Which lines run from the line with "12月8日,东北大学与华菱涟" through the line with "925 silver enhanced" in the entries below? Print them exactly, both ends included, and nothing more.

**Provided data:**
--

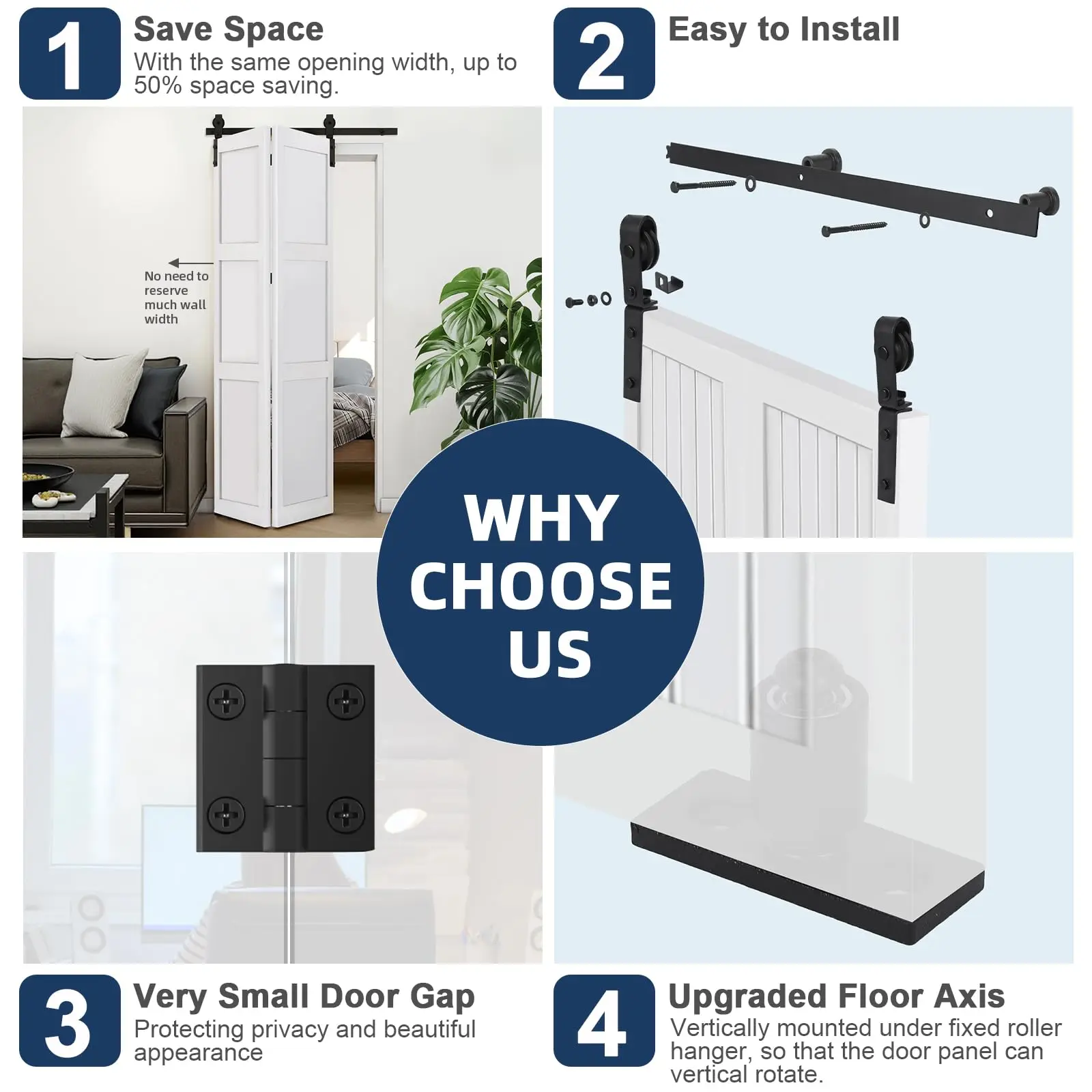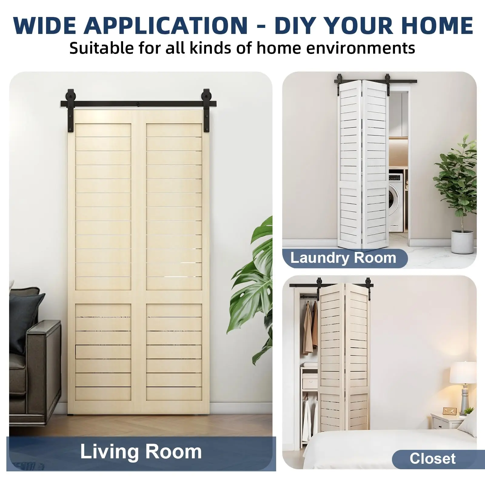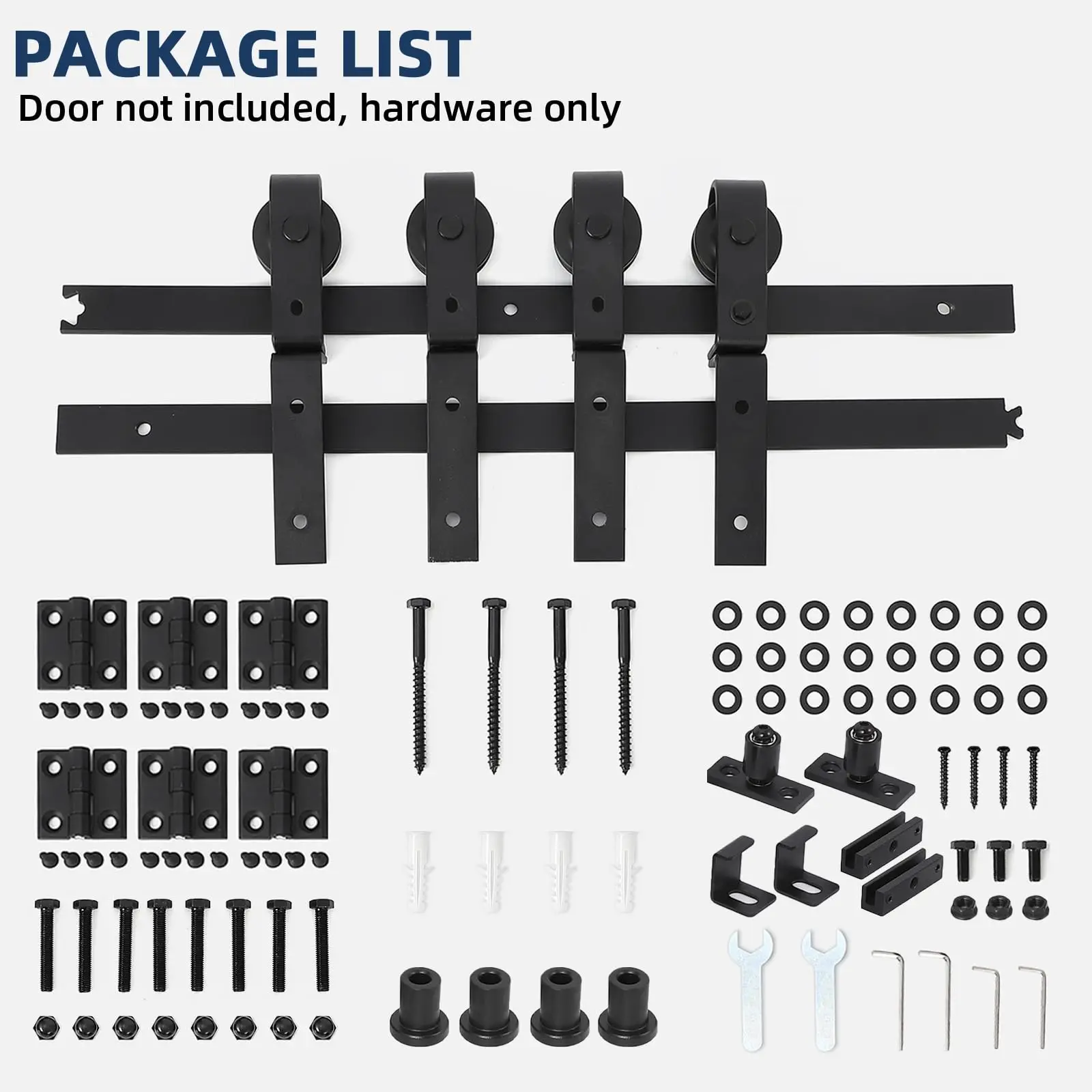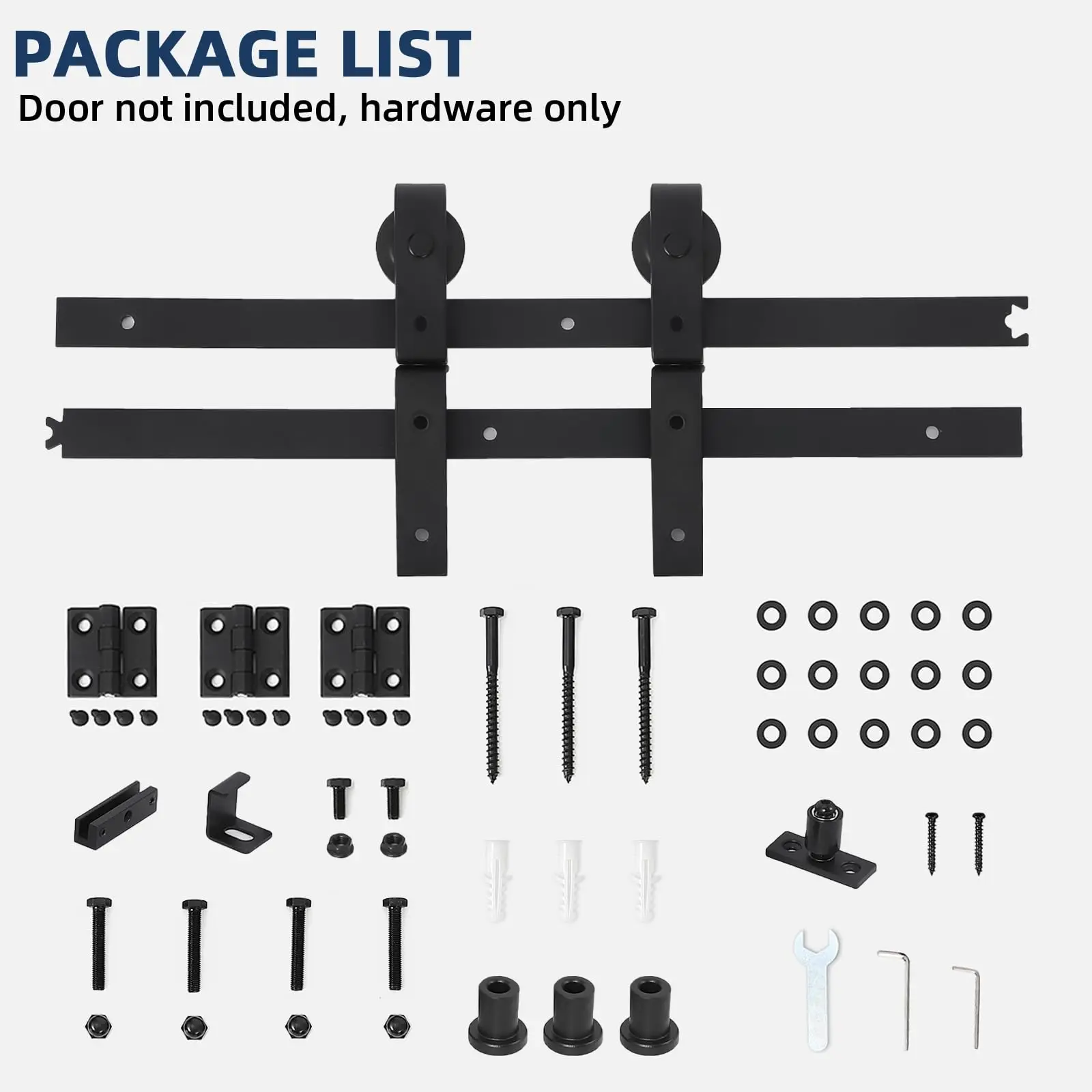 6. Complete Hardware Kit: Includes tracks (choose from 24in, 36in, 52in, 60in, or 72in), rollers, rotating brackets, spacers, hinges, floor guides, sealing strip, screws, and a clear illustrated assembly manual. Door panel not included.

--

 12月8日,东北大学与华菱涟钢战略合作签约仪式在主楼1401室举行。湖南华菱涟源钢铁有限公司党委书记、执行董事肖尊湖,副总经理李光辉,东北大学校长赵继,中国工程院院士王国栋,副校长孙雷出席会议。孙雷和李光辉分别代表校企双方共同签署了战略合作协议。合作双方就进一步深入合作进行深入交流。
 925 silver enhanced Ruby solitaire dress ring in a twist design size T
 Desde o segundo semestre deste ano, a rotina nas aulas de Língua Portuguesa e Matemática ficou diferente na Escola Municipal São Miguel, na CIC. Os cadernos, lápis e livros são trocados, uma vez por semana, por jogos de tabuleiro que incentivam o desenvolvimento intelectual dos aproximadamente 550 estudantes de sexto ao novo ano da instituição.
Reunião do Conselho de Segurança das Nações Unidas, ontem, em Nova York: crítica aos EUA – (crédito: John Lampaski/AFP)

--

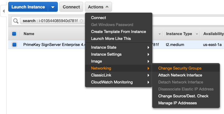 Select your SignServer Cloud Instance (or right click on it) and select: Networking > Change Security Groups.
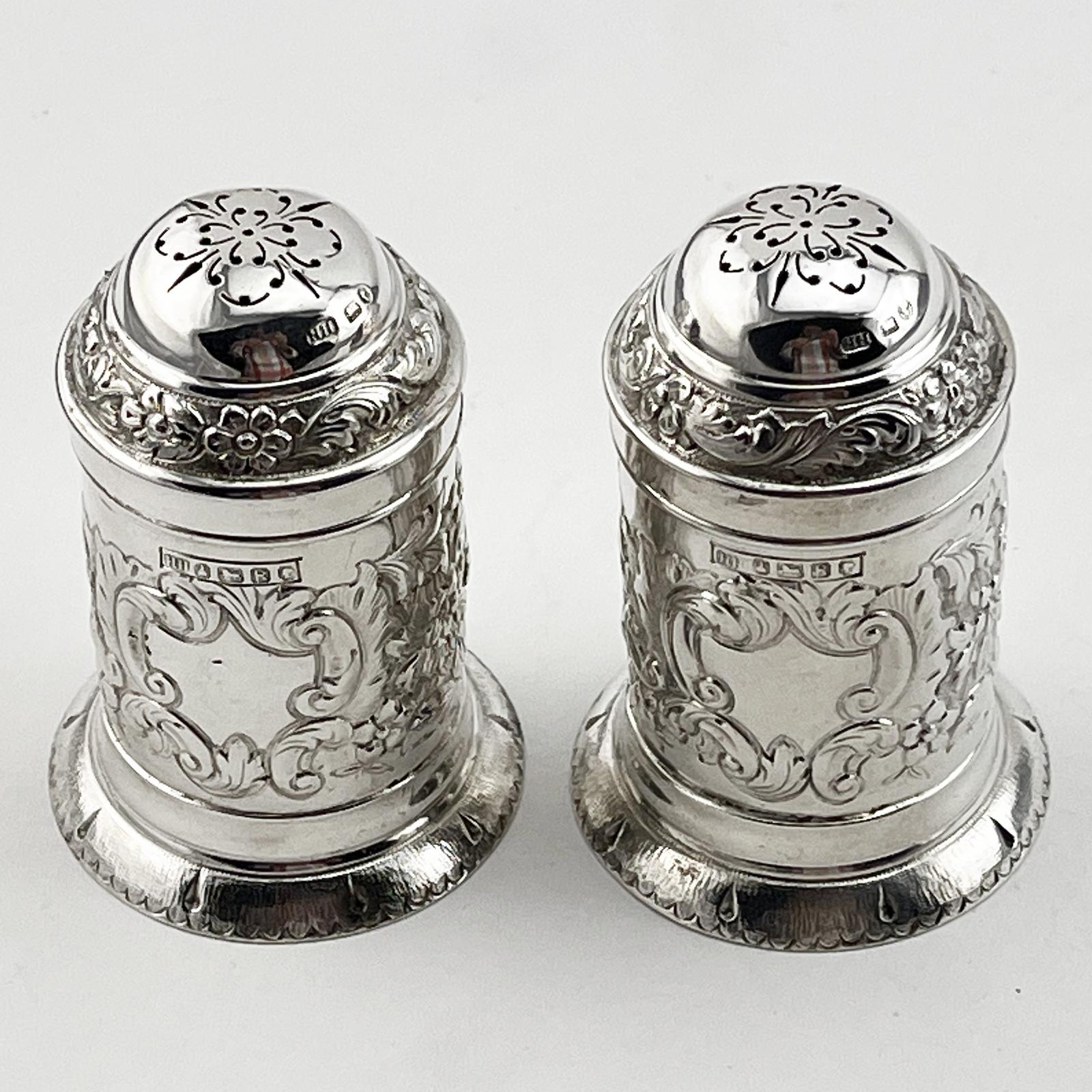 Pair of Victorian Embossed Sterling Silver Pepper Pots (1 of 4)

--

**Result for this task:**
 12月8日,东北大学与华菱涟钢战略合作签约仪式在主楼1401室举行。湖南华菱涟源钢铁有限公司党委书记、执行董事肖尊湖,副总经理李光辉,东北大学校长赵继,中国工程院院士王国栋,副校长孙雷出席会议。孙雷和李光辉分别代表校企双方共同签署了战略合作协议。合作双方就进一步深入合作进行深入交流。
 925 silver enhanced Ruby solitaire dress ring in a twist design size T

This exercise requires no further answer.